I have been reading William Shaw Mason’s Parochial Survey, and it was the Rev John Jones, the author of the account on the parish of Lea, who is to blame for my recent Sunday cycle.
In a comprehensive account of the parish, the Rev Jones makes reference to five high roads in the parish, which he describes in some detail. The first of these, he tells us, is “the Limerick road, which leads from Monasterevin through Ballybrittas, by Emo to Maryboro”. Apart from its passage through Emo, this road seems to follow the line of the recently bypassed Dublin Road.
But it was his description of the second high road that set my mind racing. He tells us that the road runs “ from Monasterevin, by Old Lea, straight to Portarlington, and so to Mountmellick”. But he drops in an aside that: “it is on this road that the Birr coach travels”.
I first thought that this was the present-day Monasterevin- Portarlington road, but the reference to its passage through Old Lea, and William Beauford’s map of the parish, (which accompanies the survey), changed my mind.
Once you have crossed the Barrow on what you may regard as the old road to Portarlington, you take the next right. This takes you along an unlikely high road, by today’s standards.
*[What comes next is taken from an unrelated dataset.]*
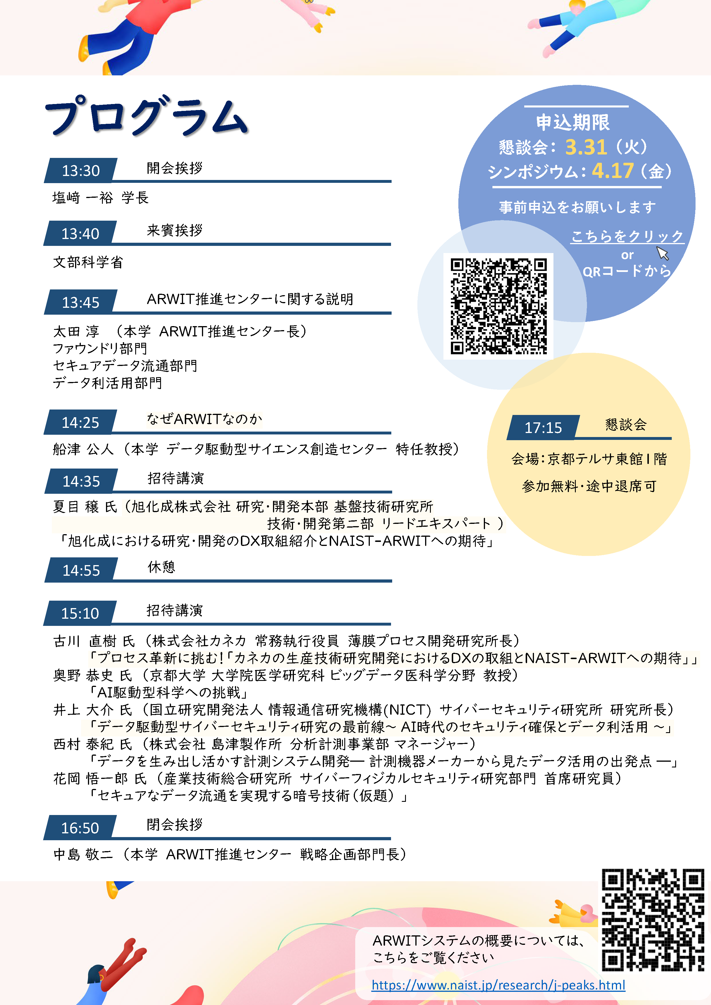 ARWIT推進センターが目指す姿や、本事業を通じて構築される研究基盤・リソースを共有し、それらを活用した研究推進や社会実装の具体的な方向性を共に考える場として、令和8年4月22日(水)にキックオフシンポジウムを開催いたします。

Passing through the town lands of Ullard and Old Lea, amongst others, this less travelled route, two centuries later, does boast the odd tuft of grass along the middle of the road, but it most definitely conjures up the clatter of the carriage wheels of yesteryear.
And when you see the majestic ruin of the Castle of Lea, poking its head up over the trees, you are looking at the same sight that told the coach passengers that they were on the final approach to Portarlington, and a welcome stop at Fleming’s Inn.
Interestingly, I wonder if the aspect of the ancient Castle of Lea will change for future travellers along this route. Indeed, will the very route itself see change. I refer, of course, to the Heritage Council-funded Lea Castle Conservation Project which is currently in train.
The Rev Jones, inadvertently, makes possibly the first reference to ribbon development in the town of Portarlington. As far as I can tell, the final approach to the town would have taken the coach along what we know today to be Bracklone Street. The following account may point to its origins. The Reverend Jones in his description of villages in the parish says: “as to Bracklan, however, it might have been once a village, it has been laterally joined to Portarlington by a continuation of houses, so that it should now be considered as composing part of the suburbs of the town”.
On the matter of longevity in the parish of Lea, we are told that there are ‘eight old men and two women from 80 to 95’. And hot off the press, you might say, the reverend tells us that “four days ago, there was a burial at the French church yard, an old maiden lady of ninety four years, Miss Mary Frazer; and about a year since another parishioner was buried here, Bryan Dunne, at the very advanced age of 111 years”.
While William Shaw Mason’s Parochial Survey may not have reached the heights that John Sinclair achieved with his survey of Scotland, it contains a vast amount of information, and is a treasure trove for any student of local history.
You might drive a coach and four through some of its content, but for the most part, William Shaw Mason’s Parochial Survey was compiled by honest, well- meaning men, at the heart of their communities, who told it as they saw it, 200 years ago this year.